La question sensible de la gouvernance des données

On ne peut évoquer l’IA sans parler de la donnée. Car sans données structurées, fiables et accessibles, l’intelligence artificielle reste… artificielle. Beaucoup de PME découvrent que leur principal frein n’est pas technologique, mais organisationnel. Données éparpillées entre différents logiciels, absence de référentiel commun, procédures hétérogènes : l’IA agit souvent comme un révélateur des fragilités existantes. Cette prise de conscience peut être salutaire. Elle pousse l’entreprise à structurer sa gouvernance data, à clarifier les responsabilités et à renforcer la sécurité des informations. Dans un environnement marqué par l’exigence réglementaire et la montée des cyber-risques, cette dimension n’est pas accessoire. L’IA opérationnelle exige donc une maturité digitale préalable.
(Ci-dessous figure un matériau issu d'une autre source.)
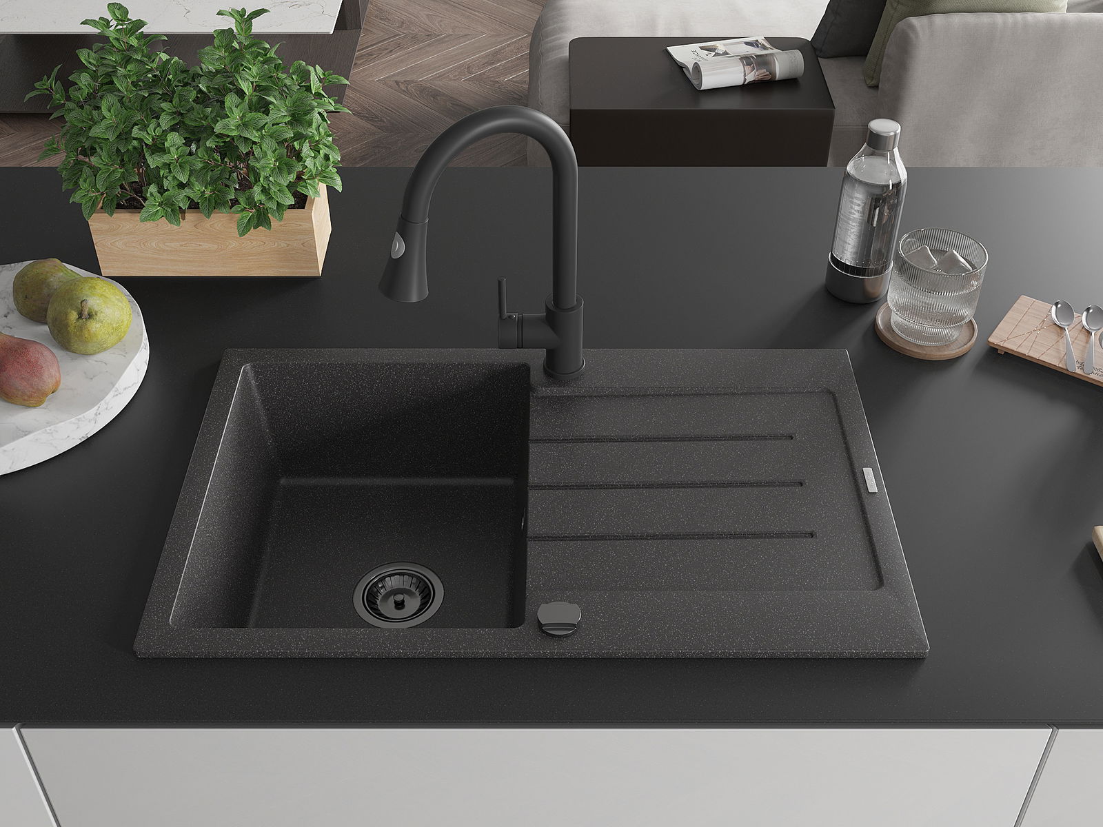 Mexen Bruno žulový kuchynský drez 1-komorový s odkvapkávačom a kuchynskou batériou Elia, čierny fľakatý - 6513-76-670101-70-B

Elle ne compense pas les lacunes structurelles ; elle les met en lumière.

Un changement culturel avant tout

La révolution de l’IA est moins technologique que managériale. Elle interroge la manière dont les décisions sont prises, dont l’information circule et dont l’expertise est valorisée. Dans certaines PME familiales ou ETI historiquement construites autour d’un savoir-faire humain fort, l’idée de confier une partie de l’analyse à un algorithme peut susciter des résistances. Pourtant, il ne s’agit pas de substituer la machine au dirigeant, mais de lui fournir une lecture augmentée de la réalité. L’IA ne décide pas à la place du comité exécutif. Elle éclaire. Elle propose. Elle alerte. La responsabilité demeure humaine, et c’est heureux. Le véritable enjeu réside dans l’hybridation : combiner la finesse du jugement humain avec la puissance de traitement algorithmique. Les entreprises qui réussiront cette articulation prendront une longueur d’avance durable.
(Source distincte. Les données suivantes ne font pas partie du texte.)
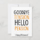 Adeus, pensão de olá de tensão! Feliz aposentadoria! Design de aposentadoria divertida para o novo aposentado! Dê um presente de excelente para a aposentadoria. Este design está disponível em t-shirts, capuzes, roupa, canecas, canecas de viagem, chaveiros, e muito mais! Personalizável, usando a ferramenta PERSONALIZAR TI. Adicionar um nome, uma data ou qualquer outro texto. Escolha suas cores de fundo nas canecas, adesivos, botões, cartões, chaveiros, mousepads e muito mais. As empresas podem fazer pedidos em massa e tê-los em mãos para seus aposentados.
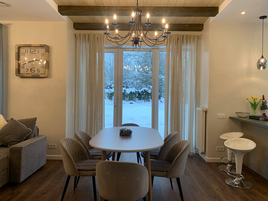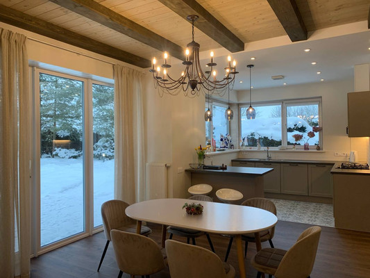 Кухня-гостиная площадью 37,5 м2, два сан узла, кладовая, постирочная. Из гостиной выход на террасу. При необходимости проект можно немного изменить.

Ce que feront les PME leaders en 2026

Les PME et ETI les plus performantes ne se contenteront pas d’outils génériques. Elles développeront des environnements d’IA adaptés à leurs métiers, connectés à leurs données internes, sécurisés et gouvernés. Elles intégreront l’IA dans leurs indicateurs de pilotage, au même titre que la performance financière ou commerciale. Elles formeront leurs équipes non seulement à l’utilisation des outils, mais à la compréhension de leurs limites. Surtout, elles considéreront l’IA non comme un projet isolé, mais comme un axe stratégique transversal. Direction générale, finance, ressources humaines, production : chacun sera concerné. Car à terme, la question ne sera plus “Faut-il intégrer l’IA ?” mais “Comment rester compétitif sans elle ?”
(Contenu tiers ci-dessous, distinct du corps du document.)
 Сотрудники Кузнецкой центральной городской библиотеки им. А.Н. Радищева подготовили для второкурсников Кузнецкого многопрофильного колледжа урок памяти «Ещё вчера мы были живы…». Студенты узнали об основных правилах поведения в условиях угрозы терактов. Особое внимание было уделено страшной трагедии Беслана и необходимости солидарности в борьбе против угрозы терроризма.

Passer du gadget à l’avantage concurrentiel

La révolution de l’IA opérationnelle ne se résume ni à un effet de mode, ni à une simple évolution technologique. Elle constitue un changement profond dans la manière dont les PME et ETI peuvent organiser leur performance. L’enjeu pour les dirigeants n’est pas d’adopter la dernière innovation en date, mais de structurer une démarche cohérente, progressive et pilotée par la valeur. L’IA n’est ni magique ni autonome. Elle est un amplificateur. Bien utilisée, elle accélère la prise de décision, fiabilise l’analyse et optimise les ressources.

Mal utilisée, elle reste un gadget coûteux.

En 2026, l’avantage concurrentiel ne se jouera plus uniquement sur le prix, la qualité ou la proximité client. Il se jouera sur la capacité à exploiter intelligemment ses données et à intégrer l’IA au cœur de ses opérations. La bonne nouvelle ? Les PME et ETI disposent d’un atout majeur : leur agilité. Là où les grandes organisations peinent à transformer leurs processus, les structures intermédiaires peuvent décider vite et déployer rapidement. À condition de ne pas confondre vitesse et précipitation. La révolution est en marche. Elle ne sera ni brutale ni uniforme. Mais elle sera déterminante. Aux dirigeants désormais de choisir : observer, expérimenter… ou structurer et prendre l’avantage.